Через полчаса про куклу все забыли, а она, улыбаясь, не сводила встревоженных глаз с людей и вспоминала, вспоминала. На глазах её показались слёзы, но никто этого не заметил.

- Вы думаете так легко сто лет просуществовать на свете глупой безмятежной дурочкой? Всем улыбаться, когда на душе гадко. Это так странно, но мне сегодня исполнилось 100 лет! И про меня все забыли! А я всё равно улыбаюсь. Сто лет я улыбаюсь, улыбаюсь, и улыбаюсь. Утром, днём, вечером и ночью на моём лице сияет улыбка.

Если бы не маленькая неосторожная девочка Сашенька, правнучка Екатерины Петровны, то я бы сидела в этом дурацком черном ящике с зеркалом и стеклом. Правда, Саша, недаром её назвали как мальчишку, меня чуть не уронила и не разбила. У меня сразу бы отпала сломанная нога, которую приклеил дядя Витя в сорок шестом году. Я очень хорошо помню его добрые глаза и тёплые руки. В августе сорок седьмого года он разбился на самолёте. Он был военным лётчиком. А ногу мне отломал его маленький сын. Случайно он уронил меня на пол. Тогда в доме пахло свежей ёлкой и пирогами с капустой. Я вспомнила: мы встречали первый послевоенный Новый год. Мандаринов не было, но дядя Витя где - то достал грецкие орехи, завёрнутые в фольгу. Их было несколько штук. Семь кажется. Через 7 месяцев его не стало.

Не хочу про это вспоминать, но шестилетний Миша после гибели дяди Вити, часто подходил ко мне и плакал, жаловался, как ему не хватает папы. Я ему улыбалась осторожно и нежно, и он успокаивался, гладил меня и бережно клал на полочку. Мы тогда с прабабушкой Екатериной несколько лет в Перми жили. Она взяла маленького Мишу к себе, так как жены у дяди Вити не было, она умерла при родах.

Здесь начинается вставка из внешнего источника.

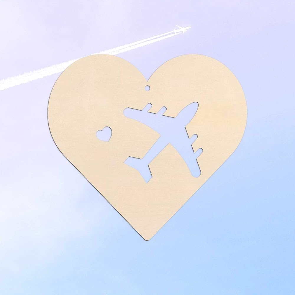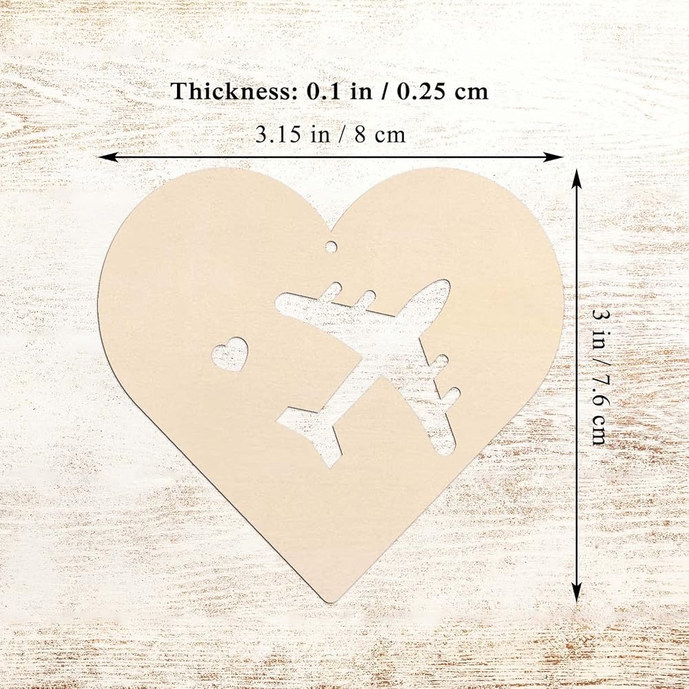 FEATURE: Wooden blank airplane heart shaped design hanging ornaments, can be used for aviation party decoration. Perfect for using as tags, party board, classroom board.

А двенадцатилетние мальчики-близнецы, сыновья прабабушки Екатерины, не обращали на Мишу и на меня никакого внимания, и мне было очень тяжело от того, что со мной никто не играл. Меня прабабушка Екатерина тогда часто называла Лизонька. Брала меня на руки, гладила по голове и плакала. Я ласково улыбалась ей, и её слезы отражались в моих глазах.

Вы спросите, почему так? Дело в том, что в сорок первом году, во время войны, прабабушкиной единственной дочки Лизоньки не стало. Она сжимала меня холодными ручками, умирая в блокадном Ленинграде, и я улыбалась. Я улыбалась, чтобы ей было хорошо умирать. Я пыталась ее ободрить перед смертью.

Я пыталась согреть её хоть немного, но не могла. Её горячие слёзы быстро высыхали на мне. Ей было всего два годика, когда она умерла. Бабушка зашила её остывшее тельце в красный мешочек из праздничного новогоднего платья. Платье было из шёлка. Его подарил прадедушка Леонид.

Я улыбалась, когда мужа у прабабушки Екатерины, Леонида Андреевича, увезли в тюрьму в тридцать девятом году. Они пришли за ним в наш дом рано утром. Им нужен был только прадедушка Леонид. Он работал врачом. Мы тогда еще жили в Ленинграде. Я улыбалась, глядя на их хищные лица. Их не волновала судьба троих маленьких детей. Я плакала, но все равно улыбалась. Назло им улыбалась, потому что прадедушка Леонид был очень хороший.

После смерти Лизоньки прабабушка поехала в Пермь, чтобы спасти оставшихся мальчиков Коленьку и Сережу. Она устроилась работать на завод. Ей помогли пермские родственники. Её сыновья выросли, выучились и стали машинистами на железной дороге, а маленький Миша окончил школу и поступил в военное училище. Я улыбалась от радости за них.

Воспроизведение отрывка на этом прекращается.